— What to do —
The lines from the beginning of the records below through the one holding "Szczególne podziękowania należą" are to be copied exactly; leave the pictures out.
.....
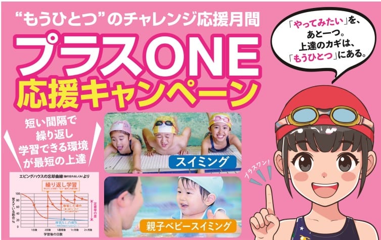 プラスONE応援キャンペーン 今なら気軽に「もうひとつ」チャレンジできるチャンス! ・週1回のスイミングを週2回にしてグングン上達! ・親子ベビーを週2回にして、親子の絆UP・・・・
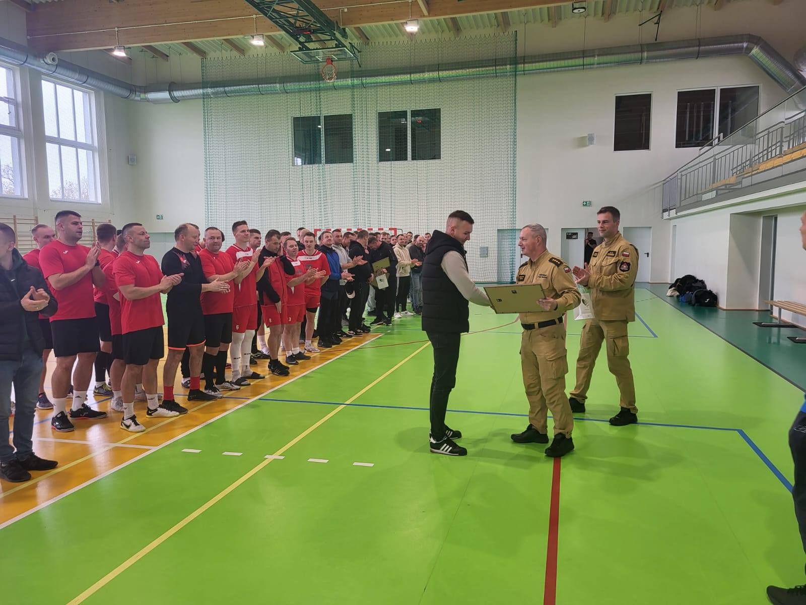 Szczególne podziękowania należą się również ekipie sędziowskiej, która w dynamicznych i niejednokrotnie emocjonalnych rozgrywkach piłkarskich wzorowo realizowała swoje zadania, oceniając strażackie umiejetności piłkarskie.
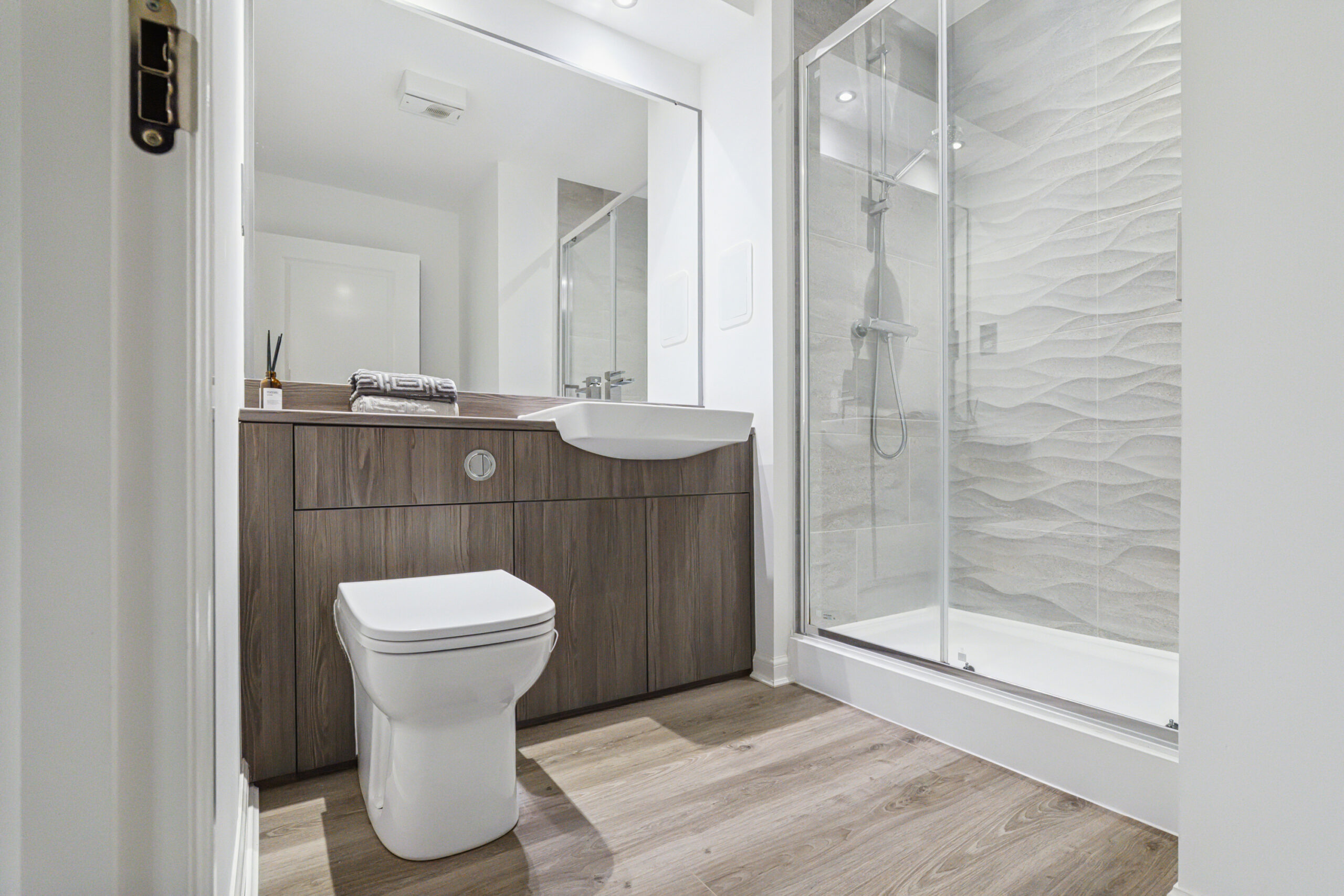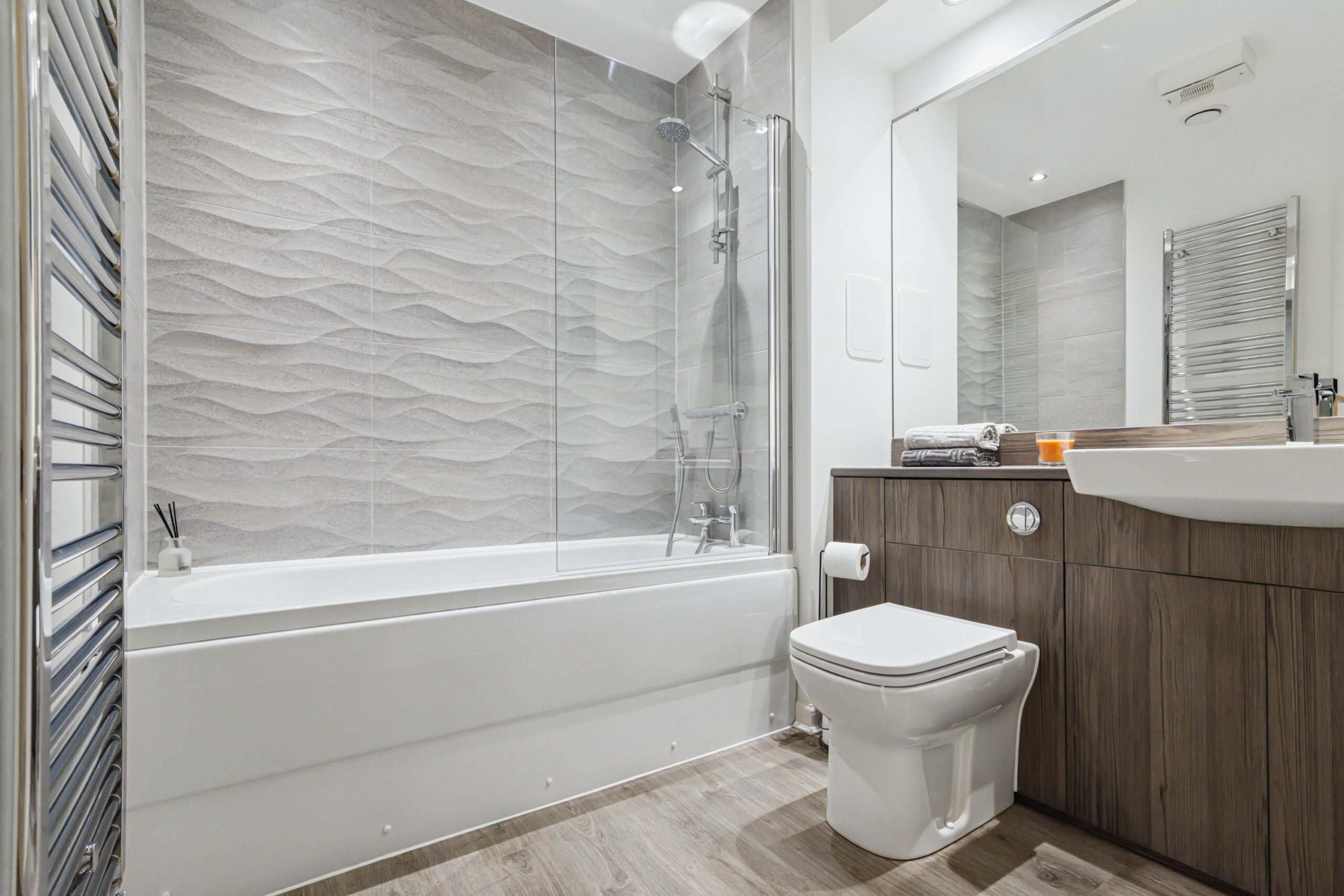 This apartment boasts a range of attractive features; the kitchen is equipped with fully integrated appliances for a seamless look, the main bathroom is fitted with a modern white suite, complemented by a practical wood effect vanity unit, and features a thermostatic shower over the bath. The thoughtful layout and high-quality fittings throughout create a welcoming and contemporary living environment.
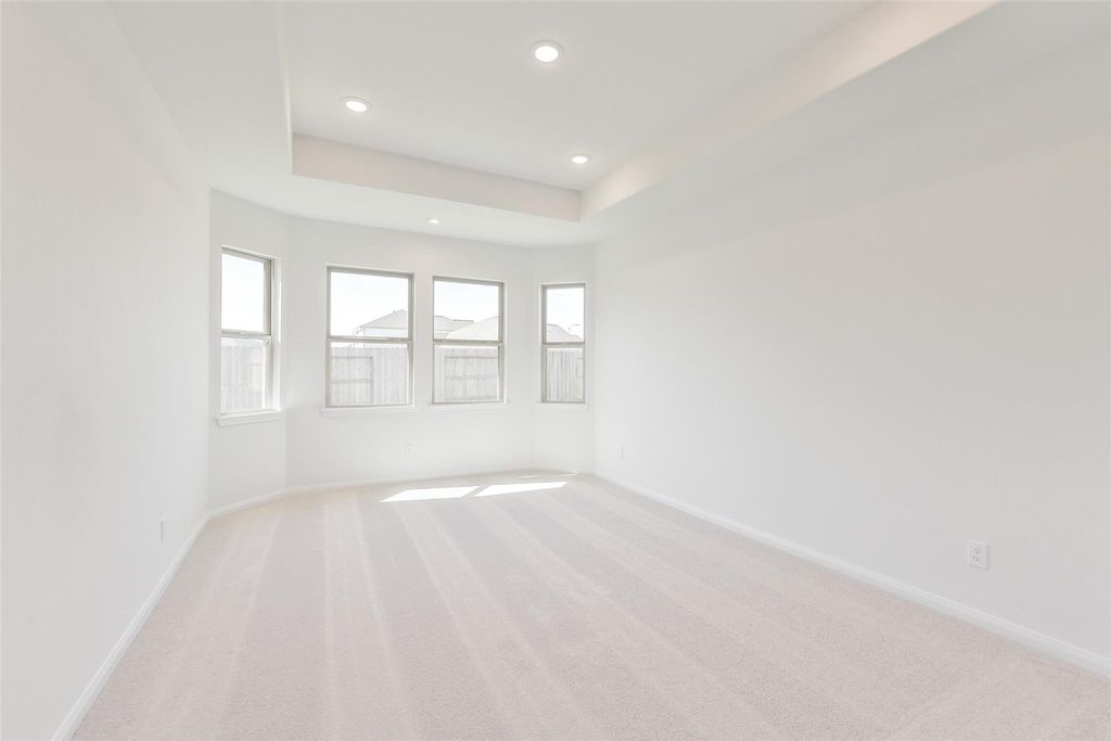 Beautiful two-story home featuring a striking stone/brick elevation and covered rear patio. Highlights include a formal dining room, media room, and a conveniently located downstairs bedroom with a full bath. The open island kitchen boasts a tile backsplash, a built-in gas cooktop, and a double wall oven. Luxury vinyl plank flooring flows through the main living areas, complemented by an upgraded glass-textured front door. The spacious master suite offers a high ceiling, bay window, oversized spa shower, dual vanities, and a walk-in closet. Enjoy the large backyard with a full irrigation sprinkler system.
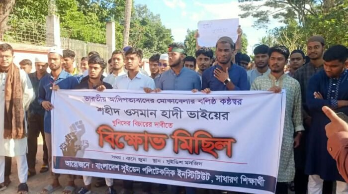 কাপ্তাই প্রতিনিধি। ইনকিলাবের মুখপাত্র শহীদ ওসমান হাদীর খুনিদের বিচারের দাবিতে কাপ্তাইয়ে বিক্ষোভ মিছিল করা হয়েছে। শুক্রবার বাদ জুমা কাপ্তাই বিএফআইডিসি শিল্প এলাকা বটতল হতে বাংলাদেশ সুইডেন পলিটেকনিক ইনস্টিটিউট এর সাধারণ
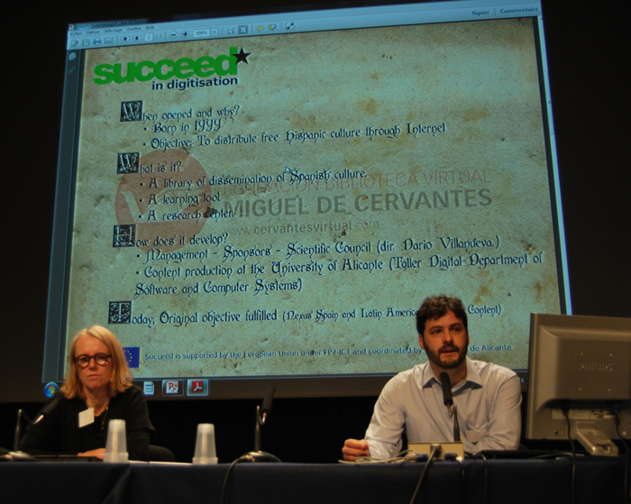 Then, Oskarbi Zubiarrain, from the Biblioteca Virtual Miguel de Cervantes, took the floor to present their evaluation of NCSR Geometric Correction: Page Curl tool and the Abbyy FR Engine v10.
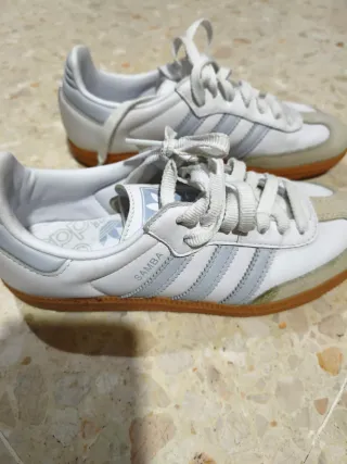 Zapatillas Adidas Samba en blanco y gris. Un clásico atemporal para el día a día. - Diseño icónico de Adidas. - Detalles en gris. - Logo de Adidas en la plantilla.
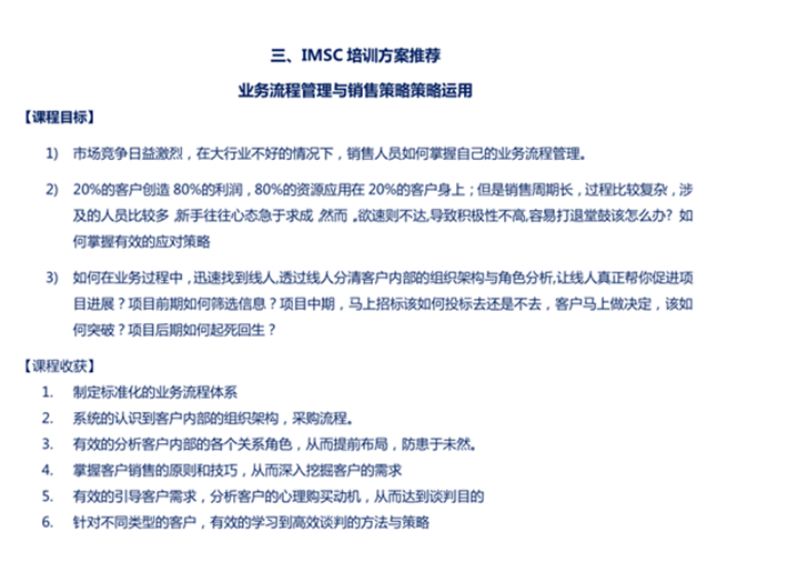 企業(yè)背景:魯西化工集團股份有限公司,是1998年3月經(jīng)中國證監(jiān)會的批準,于1998年5月在深圳證券交易所掛牌交易的上市公司,股票代碼:000830,股票簡稱:魯西化工。產(chǎn)業(yè)涉及化工、化肥、裝備制造安裝及化工研究設計,具有年產(chǎn)400萬噸化工產(chǎn)品、350萬噸化肥產(chǎn)品的生產(chǎn)能力,化工裝備年制造能力15萬噸以上;“魯西牌”復合肥為“中國名牌產(chǎn)品”。 2017.7.18日工業(yè)品營銷研究院受邀為魯西化工集團股份有限公司開展《業(yè)務流程管控與管理》的系列培訓,本次培訓的主講老師是工業(yè)品營銷研究院的丁老師。 幽默風趣、一針見血、內容實用有效、是丁老師的教學風格,能讓學員們真正達到學以致用的目的。教學中脈絡清晰的案例分析,豐富經(jīng)驗總結的傳授能讓身在硝煙戰(zhàn)場的營銷學員感同深受。圖為丁老師教學中。 ![]() 丁老師的教學注重實務性、突出實戰(zhàn)性、理順思維并系統(tǒng)化、傳授最新、最先進并且行之有效的營銷戰(zhàn)略及經(jīng)驗。以案例分析、模擬實驗、小組討論及練習等方式啟發(fā)思維、愉快的課堂氣氛,所到之處學員受益非淺。 ![]() 魯西化工集團此次培訓的項目背景如下:為了提升銷售人員的業(yè)務流程分析能力,掌握項目每一步應使用的銷售策略。希望培訓可以達到的要求是:提升銷售人員業(yè)務過程中的分析能力,掌握業(yè)務中每一步流程的策略及方法提高與客戶的談判以及回款能力。 ![]() 工業(yè)品營銷研究院針對魯西化工集團所要達到的培訓目標以及要求,擬定出了以下的培訓方案。 ![]() 短暫的培訓在輕松的氛圍中結束了,學員們表示第一次感受到培訓可以這么輕松,又能學習到很多技巧,魯西化工集團的領導對工業(yè)品營銷研究院丁老師此次的培訓做了高度的評價,他們說學習了業(yè)務流程管控與管理讓我們銷售工作也和生產(chǎn)一樣,不僅是可以做到流程管控,同時也可以有效的防止個人英雄主義,讓所有的銷售人員都可以為公司創(chuàng)造高價值。做到每個單子都可以心中有數(shù),即便是項目失敗,也能夠清晰的了解是哪一個環(huán)節(jié)出的問題。所以結果很重要,過程比結果更重要。 |
.....
— Result of the exercise —
 プラスONE応援キャンペーン 今なら気軽に「もうひとつ」チャレンジできるチャンス! ・週1回のスイミングを週2回にしてグングン上達! ・親子ベビーを週2回にして、親子の絆UP・・・・
 Szczególne podziękowania należą się również ekipie sędziowskiej, która w dynamicznych i niejednokrotnie emocjonalnych rozgrywkach piłkarskich wzorowo realizowała swoje zadania, oceniając strażackie umiejetności piłkarskie.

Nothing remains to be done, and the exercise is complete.